▸ **TASK DESCRIPTION**:
Exactly as written, output each of the lines below, with no images.

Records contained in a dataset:

+++

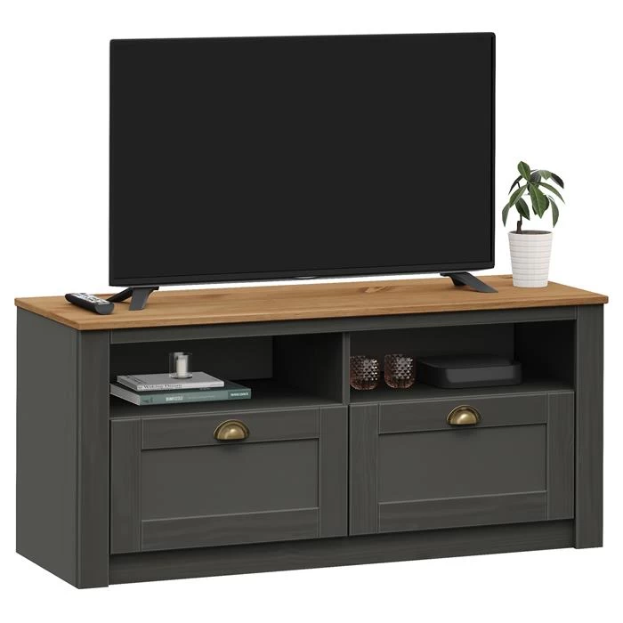 TV Lowboard BOLTON Mit 2 Schubladen, Kiefer In Anthrazit/braun
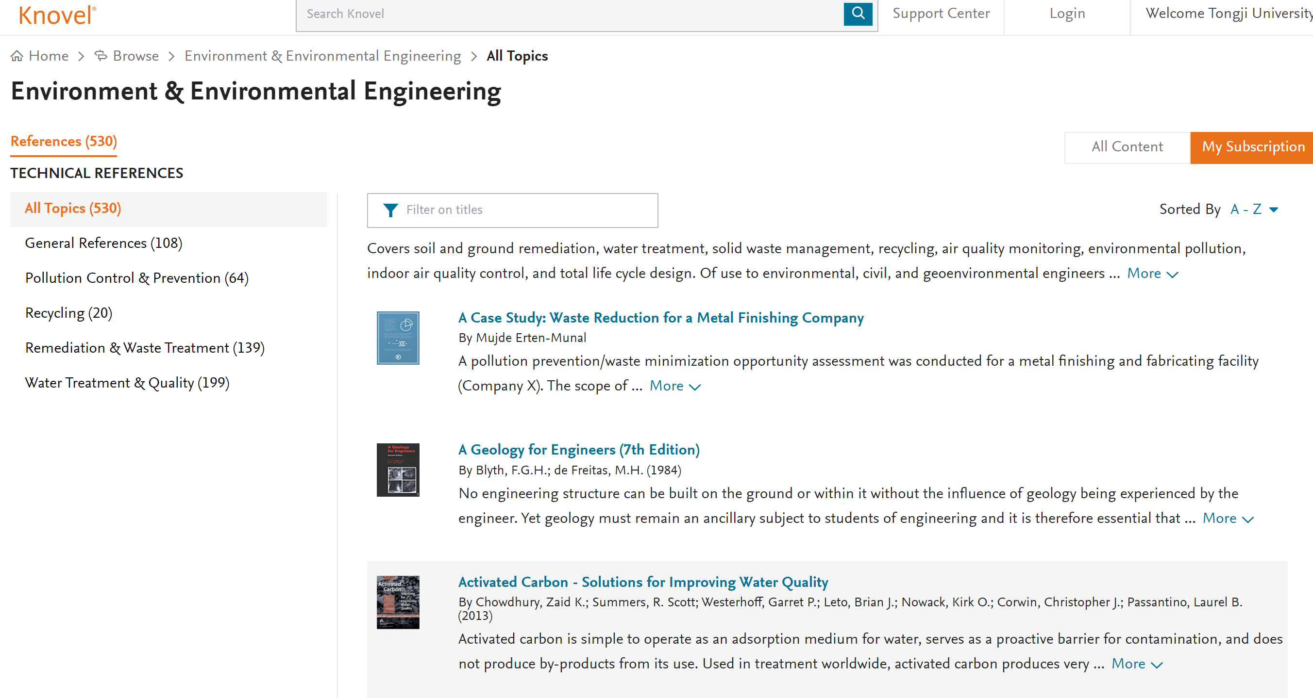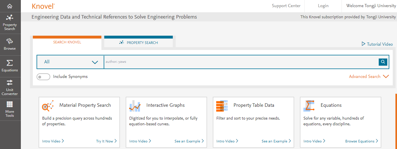 5. Knovel数据库 Knovel数据库是爱思唯尔(Elsevier)旗下的工程及理工学科解决方案产品,提供10969册左右电子书的全文,来源于Elsevier、美国航空航天学会(AIAA)、美国化学工程师协会(AIChE)、美国采暖、制冷与空调工程师学会(ASHRAE)和美国土木工程师协会(ASCE)等150余家出版社,提供7600万个数据点(指材料的性能)、2500个方程式、10多万种互动表格、图表。图书馆购买了该库的全部内容,包括37个主题领域和6个经典合集的参考工具书原文、互动图表。 环境学科类内容覆盖:电子书530种,其中General References 108种、Pollution Control & Prevention 64种、Recycling 20种、Remediation & Waste Treatment 139种、Water Treatment & Quality 199种。 链接地址:https://app.knovel.com/kn
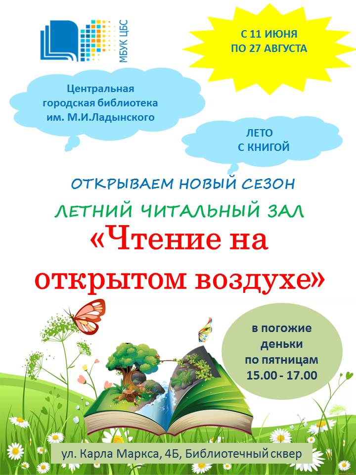 Лето — время отпусков и каникул. Дети, подростки, молодежь и взрослые больше времени проводят на воздухе, на природе. Поэтому, чтобы максимально приблизить библиотеку к читателю и создать благоприятные условия для чтения и содержательного отдыха горожан, с 11 июня по 27 августа будет открыт новый читательский сезон вне стен библиотеки – Летний зал «Чтение на свежем воздухе». Место расположения - Библиотечный сквер. Жители и гости города будут иметь возможность отвлечься от городской суеты и круговорота проблем, выбрать книгу или журнал себе по вкусу, заняв удобное место для чтения, поиграть в настольные игры, разгадать литературные ребусы, одним словом, провести время с пользой на свежем воздухе. Большой Камень город у моря, которому есть что показать, о котором есть что почитать…
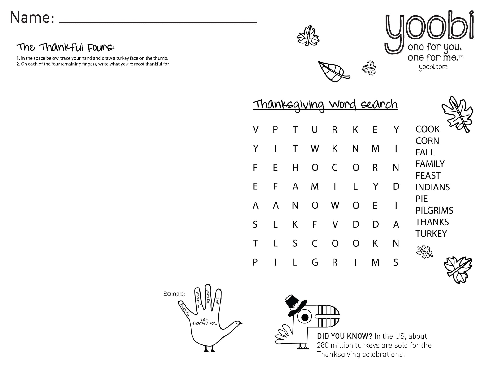 Click the images to download Yoobi's Thanksgiving Activity Sheets!
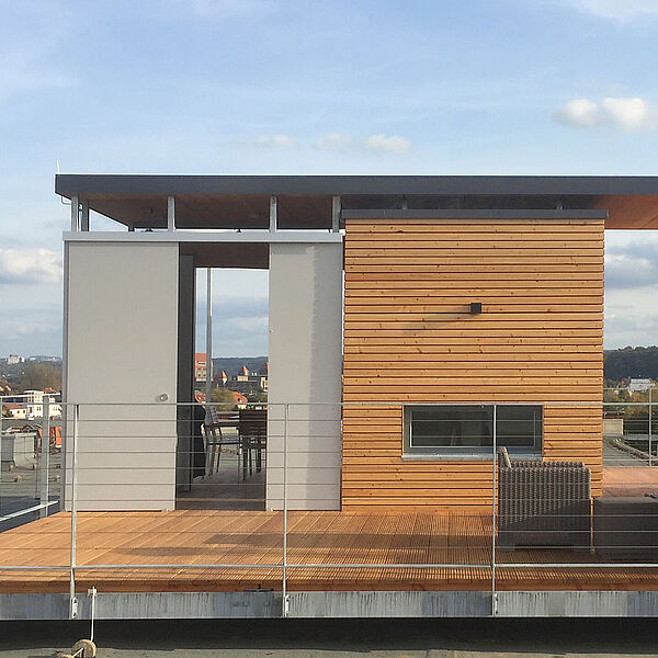 Für eine Loftwohnung, in einem ehemaligen Fabrikgebäude in Heidenau, wurde auf dem Flachdach eine großzügige Dachterrasse geschaffen.
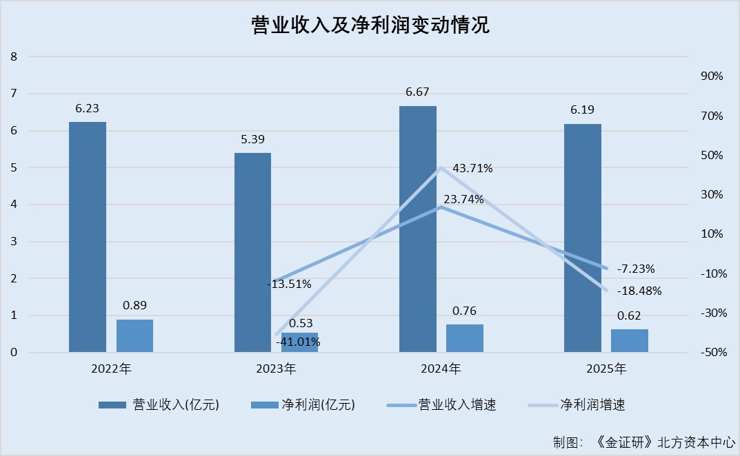 1.1 转战北交所背后业绩增速“坐过山车”,其中2025年营收及净利润均现负增长

+++

▸ **WRITTEN SOLUTION**:
 TV Lowboard BOLTON Mit 2 Schubladen, Kiefer In Anthrazit/braun
 5. Knovel数据库 Knovel数据库是爱思唯尔(Elsevier)旗下的工程及理工学科解决方案产品,提供10969册左右电子书的全文,来源于Elsevier、美国航空航天学会(AIAA)、美国化学工程师协会(AIChE)、美国采暖、制冷与空调工程师学会(ASHRAE)和美国土木工程师协会(ASCE)等150余家出版社,提供7600万个数据点(指材料的性能)、2500个方程式、10多万种互动表格、图表。图书馆购买了该库的全部内容,包括37个主题领域和6个经典合集的参考工具书原文、互动图表。 环境学科类内容覆盖:电子书530种,其中General References 108种、Pollution Control & Prevention 64种、Recycling 20种、Remediation & Waste Treatment 139种、Water Treatment & Quality 199种。 链接地址:https://app.knovel.com/kn
 Лето — время отпусков и каникул. Дети, подростки, молодежь и взрослые больше времени проводят на воздухе, на природе. Поэтому, чтобы максимально приблизить библиотеку к читателю и создать благоприятные условия для чтения и содержательного отдыха горожан, с 11 июня по 27 августа будет открыт новый читательский сезон вне стен библиотеки – Летний зал «Чтение на свежем воздухе». Место расположения - Библиотечный сквер. Жители и гости города будут иметь возможность отвлечься от городской суеты и круговорота проблем, выбрать книгу или журнал себе по вкусу, заняв удобное место для чтения, поиграть в настольные игры, разгадать литературные ребусы, одним словом, провести время с пользой на свежем воздухе. Большой Камень город у моря, которому есть что показать, о котором есть что почитать…
 Click the images to download Yoobi's Thanksgiving Activity Sheets!
 Für eine Loftwohnung, in einem ehemaligen Fabrikgebäude in Heidenau, wurde auf dem Flachdach eine großzügige Dachterrasse geschaffen.
 1.1 转战北交所背后业绩增速“坐过山车”,其中2025年营收及净利润均现负增长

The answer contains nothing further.